# Example questions for Exam 2

## Short answer

- What is the difference between \(R^2\) and adjusted \(R^2\)?

- How do we know what the best fit of a regression line is?

- What does it mean to account for other variables in a regression model?

- What does it mean when we say that the coefficients for categorical variables are not slopes?

## Correlation

### Coefficients

Interpret the following correlation coefficients:

- 0.64

- 0.11

- -0.92

- -0.01

- 0.39

### Scatterplots

Guess a correlation coefficient for each of these plots:

```
## Warning: `as_tibble.matrix()` requires a matrix with column names or a `.name_repair` argument. Using compatibility `.name_repair`.
## This warning is displayed once per session.
```

- Plot 1

- Plot 2

- Plot 3

- Plot 4

## Multiple regression

**There will be two questions structured similarly to this one, but with different emphases (i.e. just interpreting coefficients, just interpreting \(R^2\), etc.).**

You come across a data set with information about every Nintento Wii Mario Kart game listing on eBay in October 2009. There are 141 rows, each representing one eBay posting. There are columns indicating many different variables:

`price`

: The final price of the game`duration`

: The number of days the game was listed on eBay`used`

: A categorical variable indicating if the game was new or used (base case = “new”)`num_bids`

: The number of bids made during the auction`seller_rating`

: The number of ratings the seller has on eBay`has_photo`

: A categorical variable indicating if the seller included a stock photograph of the game (base case = “no”)`num_wheels`

: The number of Wii wheel controllers included with the game

### Variable identification

We are interested in predicting the final price of a Mario Kart game sold on eBay, based on a host of factors. We run the following multiple regression model:

\[ \begin{align} \text{Model 1: } \widehat{\text{price}} &= \beta_0 + \beta_1 \text{duration} + \beta_2 \text{num_bids} + \beta_3 \text{used} + \\ &\beta_4 \text{seller_rating} + \beta_5 \text{has_photo} + \beta_6 \text{duration} \end{align} \]

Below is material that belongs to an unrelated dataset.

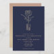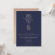 Elegant and modern, this monogrammed rose gold and navy blue wedding invitation combines a minimalist floral illustration with sophisticated monogram initials. The deep navy blue background creates a striking contrast with the metallic rose gold accents, giving this design a luxurious and timeless appearance. Perfect for couples who want a classy yet modern invitation for their special day.

- What is/are the outcome (or dependent) variable(s)?

- What is/are the explanatory (or independent) variable(s)?

### Interpreting output

Here is the output from this regression model:

```
model1 <- lm(price ~ duration + num_bids + used +
seller_rating + has_photo + num_wheels,
data = mario_kart)
model1 %>% get_regression_table()
```

```
## # A tibble: 7 x 7
## term estimate std_error statistic p_value lower_ci upper_ci
## <chr> <dbl> <dbl> <dbl> <dbl> <dbl> <dbl>
## 1 intercept 40.8 2.04 20.0 0 36.8 44.9
## 2 duration 0.035 0.184 0.192 0.848 -0.328 0.399
## 3 num_bids -0.066 0.071 -0.932 0.353 -0.207 0.074
## 4 usedused -4.62 1.02 -4.54 0 -6.63 -2.61
## 5 seller_rating 0 0 3.64 0 0 0
## 6 has_photoyes 0.968 1.01 0.957 0.34 -1.03 2.97
## 7 num_wheels 7.72 0.553 13.9 0 6.62 8.81
```

Interpret the following coefficients (remember the template!):

`duration`

`num_bids`

`used`

`num_wheels`

### Interpreting fit

The following code shows a summary of the model diagnostics:

`model1 %>% get_regression_summaries()`

```
## # A tibble: 1 x 8
## r_squared adj_r_squared mse rmse sigma statistic p_value df
## <dbl> <dbl> <dbl> <dbl> <dbl> <dbl> <dbl> <dbl>
## 1 0.749 0.737 20.7 4.55 4.67 66.5 0 7
```

- How much variation in final price does this model explain?

### Comparing models

After running this first model, you run a couple simpler models that predict price based on whether the game is used, and one based on whether the game is used, how long it’s posted, and how many wheel controllers are included:

\[ \begin{align} \text{Model 2: }\widehat{\text{price}} &= \beta_0 + \beta_1 \text{used} \end{align} \]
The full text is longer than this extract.